The advantage of these independent players lies in their supposed objectivity, as their aim is to offer products or services that best serve customer needs (independently of the financial provider). However, maintaining such objectivity will be a challenge for obvious reasons.
The knowledge and expertise of these independent players should be examined and certified before they are permitted to serve customers.

3.4. Blockchain Technology 

Blockchain came with Bitcoin, a cryptocurrency created by Satoshi Nakamoto and published in 2008. In particular, Blockchain refers to the underlying technology that makes this electronic cash possible.
According to Honrubia and Galán (2017), Blockchain can be defined as a decentralised (hence its other name of ‘distributed ledger technology’, or DLT) and secure database, designed for the storage of data in a chain of blocks (see Illustration 5) and guaranteeing the inalterability of the information within.
This basic approach has been extended following major modifications (see Illustration 6).
The inalterability of the information and the fact that it enabled storage in a chain of blocks gave way to ‘smart contracts’ that suppose the main generational leap of blockchain technology. These smart contracts are pieces of executable code that can be added to transactions in a blockchain network and so open an infinite range of possibilities. It is possible to imagine a contract (agreement between two parties) that can be signed, stored in a site that allows you ‘forget’ it but automatically executable when contract conditions are met (Honrubia and Galán, 2017).
It is estimated that there are more than 650 cryptocurrencies that are together holding some 22 trillion dollars in circulation. In addition, more than 100 startups are working with blockchain technology and all the major world banks belong to an associated consortium.
Financial institutions were very reluctant to adopt bitcoin due a lack of regulation. However, in the last two years, they have seen the potential of blockchain technology, since it can transform entire industries (not only sectors such as the financial one). For this reason, there has been an exponential growth in blockchain investment and research, and this growth seems set to continue (although these investments are years away from generating savings or income).
According to Honrubia and Galán (2017), large corporations are currently investing in blockchain, although it remains necessary to identify the benefits from its use. It can be said that blockchain as a technology is clear and established. However, despite the fact that the ‘distributed’ concept has been known for many decades, ‘decentralisation’ still makes some people frown, and if we define it as ‘safe’ (because of a reduction in the effectiveness of cyber-attacks due to the lack of a central core of information), the number of agnostics is multiplied.

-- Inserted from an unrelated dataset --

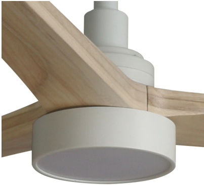
TAKI Kit lumière blanc SWT 20W dimmable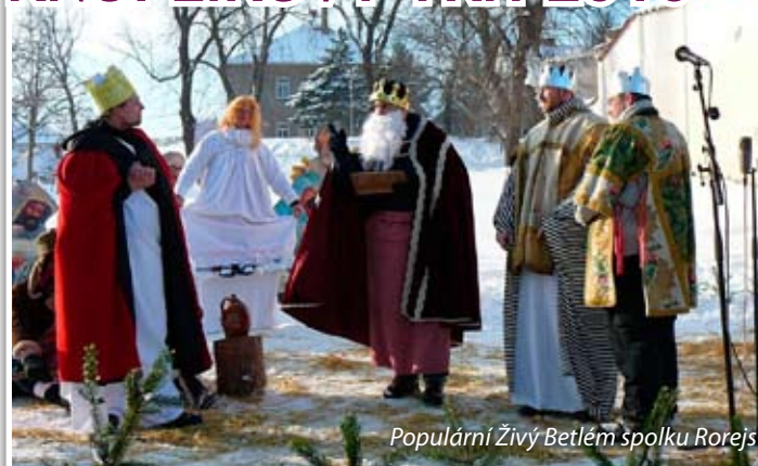
Populární Živý Betlém spolku Rorejs

Knoflíkovému trhu na náměstí F. X. Svobody počasí letos přálo více než loni. Po ránu bylo mrazivo, ale k polednímu vysvitlo sluníčko a zahřálo děti i dospělé za prodejními stolky, malé i velké zpěváky, aktéry tradičního Živého Betléma i všechny ty, kdo přišli na mníšecké náměstí F. X. Svobody, aby si užili krásné předvánoční atmosféry. Mohli zde koupit svým blízkým dáreček vyrobený šikovnými dětmi, něco dobrého na zub a třeba i balónek štěstí, který si pak většina z nich přišla vypustit 30. prosince opět na náměstí F. X. Svobody v rámci akce „Předčasný Silvestr“.

Blockchain technology would save time in the realisation of international transactions, as well as in the liquidation of shares and bonds, as a consequence of the reduction in the number of process intervenors. In addition, blockchain provides complete traceability of transactions, cost savings and also helps to prevent fraud (elimination of physical currencies). However, as disadvantages we could indicate the security problem that lies in the creation of intelligent contracts, for example, since these are software and, therefore, susceptible to vulnerabilities and errors.

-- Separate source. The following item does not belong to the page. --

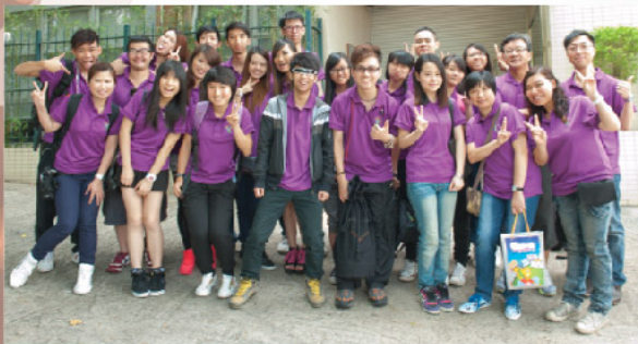
圖五：到訪香港參觀基督教服務處賽馬會日出山莊

In addition, according to Castejón (2017), the president of the European Central Bank (ECB) advocates constant monitoring and valuation of the new risks that may result from using blockchain in the payment system and market infrastructures. One of these risks is the possible fragmentation of markets if different technological approaches are deployed in the Eurozone. In his 2016 annual report, a section on blockchain warns that it cannot be considered an option at present because there are criteria of maturity, safety, efficiency, functionality, operation or governance that need to be solved.
Blockchain will enable new business models, and some sources indicate that it will produce the next revolution in the financial sector. There is discussion about the creation of the ‘Internet of Value’ (IoV).

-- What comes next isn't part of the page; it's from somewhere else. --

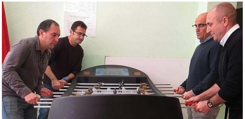
Los decanos de la Universidad de Málaga han sido los protagonistas en el torneo de fútbol.

Para finalizar, la semana del patrón también contará con actividades deportivas que tendrán lugar el jueves 26. En los jardines de la facultad se darán 'masterclass' de bailes latinos, zumba y 'funcional training'; por otro lado, en las pistas del Ayuntamiento se jugará al baloncesto en la modalidad 3x3.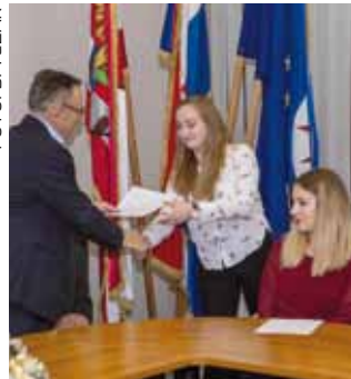
U ove godine 50 studenata na gradskoj listi za stipendije

STIPENDIJE Objavljena konačna lista dobitnika stipendija Grada Ivanca

According to the World Economic Forum, in the coming years, we will witness a transformation, and blockchain will become the ‘heart’ of the global financial system.
An example of the future that could await us is the arrival of the first decentralised bank, a bank that belongs to no one—but in which everyone can participate. This bank would reside in a blockchain platform as a decentralised autonomous organisation (DAO). In this line, the BABB1 startup is creating the first decentralised bank based on the Ethereum platform (Honrubia and Galán, 2017).
Finally, it is necessary to emphasise that the most suitable environment for blockchain technology would be a collaboration between financial institutions, regulators and technology companies, each contributing value to the overall process of its development.

4. Conclusions

After the economic crisis, the banking sector is now trying to increase profitability in a context of low interest rates, numerous problem assets, increasing regulatory pressure and the forecasted continuance of private sector deleveraging. The measures that banks are taking to improve efficiency consist of reducing more the installed capacity, the assignment of greater importance to bank fees in the revenue structure and their activity digitisation.
There will be fewer, but larger, branch offices. In addition, the business developed in these branches will be increasingly dedicated to advice, especially as customer demand for alternative channels increases.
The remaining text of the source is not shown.